I was reminded of a very remote and beautiful place yesterday. Stavros tis Psokas. It's about 2 and a half hours drive from Nicosia or from Pyrgos in Paphos. Very steep windy roads, but were paved 5 years ago. There is something like a hostel there where you can stay but no cooking facilities and the only cafe will only cook if you let them know you are coming well in advance. This is the most unspoiled part of the island and I still have pictures of being there from over 25 years ago.


----------



## Veronica (Apr 5, 2008)

theresoon said:


> I was reminded of a very remote and beautiful place yesterday. Stavros tis Psokas. It's about 2 and a half hours drive from Nicosia or from Pyrgos in Paphos.
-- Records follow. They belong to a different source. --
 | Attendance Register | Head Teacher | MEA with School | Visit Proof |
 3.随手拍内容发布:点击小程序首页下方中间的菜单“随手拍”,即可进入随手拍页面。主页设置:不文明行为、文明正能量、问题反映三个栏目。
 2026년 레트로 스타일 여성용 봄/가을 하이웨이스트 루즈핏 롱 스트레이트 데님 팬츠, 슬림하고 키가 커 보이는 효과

Very steep windy roads, but were paved 5 years ago. There is something like a hostel there where you can stay but no cooking facilities and the only cafe will only cook if you let them know you are coming well in advance. This is the most unspoiled part of the island and I still have pictures of being there from over 25 years ago.
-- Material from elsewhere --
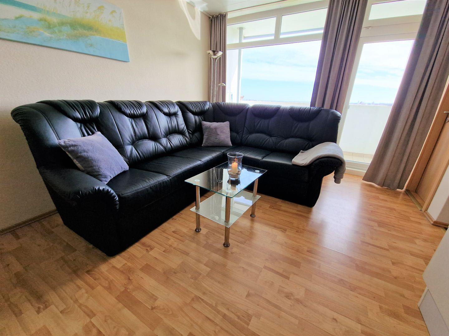 Auf dem Balkon zur Ostseite sind Sitzgelegenheiten vorhanden. Von hier aus haben Sie einen schönen Blick über den Binnensee in Richtung Yachthafen.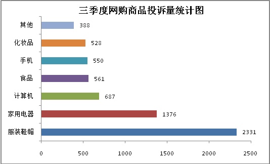 三季度,网络购物仍是消费者投诉热点,全市消保委共受理网购商品投诉6033件,其中涉及服装鞋帽、家电、计算机、手机、食品和化妆品的投诉较多。问题主要集中在商品质量瑕疵、货不对板、夸大性能、与宣传承诺不符、退换货不及时等。

Stavros Tis Psokas is also the only place I know of where you can see Mouflon as they have a large compound where there is a breeding group of them.


----------



## kimonas (Jul 19, 2008)

theresoon said:


> So Kimonas,
> 
> where do we actually enter? I was told about it but that gate seems very intemedating and there is no side street right now. I remember they used to take us to church there with school as I went to school across the street from there- a few centuries ago.
> 
> Thanks


That's the one (on the main road running south of the park)- designed for a bishop, but just drive in and turn immediate left to the mews parking. There are a couple of pedestrian entrances too on the north wall and on the west, but they are usually locked. Which school did you go to?


----------



## Monty (Jun 9, 2008)

Veronica said:


> Stavros Tis Psokas is also the only place I know of where you can see Mouflon as they have a large compound where there is a breeding group of them.


Hi Veronica
True about those sheep, It was only a few years ago that they were nearly wiped out, People are starting to take notice now, The goverment have even put then on the 1,2 & 5 cent Cypriot Euro coins.
Bet you people will actually look at there coins now lol :focus:

Thanks to Kimonas about one of his best kept secrets ( not now),

Regards to all
Monty


----------



## theresoon (Apr 11, 2008)

kimonas said:


> That's the one (on the main road running south of the park)- designed for a bishop, but just drive in and turn immediate left to the mews parking. There are a couple of pedestrian entrances too on the north wall and on the west, but they are usually locked. Which school did you go to?


Kykkos A ( Veronica why do I need to enter at least 10 characters)


----------



## Veronica (Apr 5, 2008)

theresoon said:


> Kykkos A ( Veronica why do I need to enter at least 10 characters)


Its part of the programme to stop automated spam bots posting.

Veronica


----------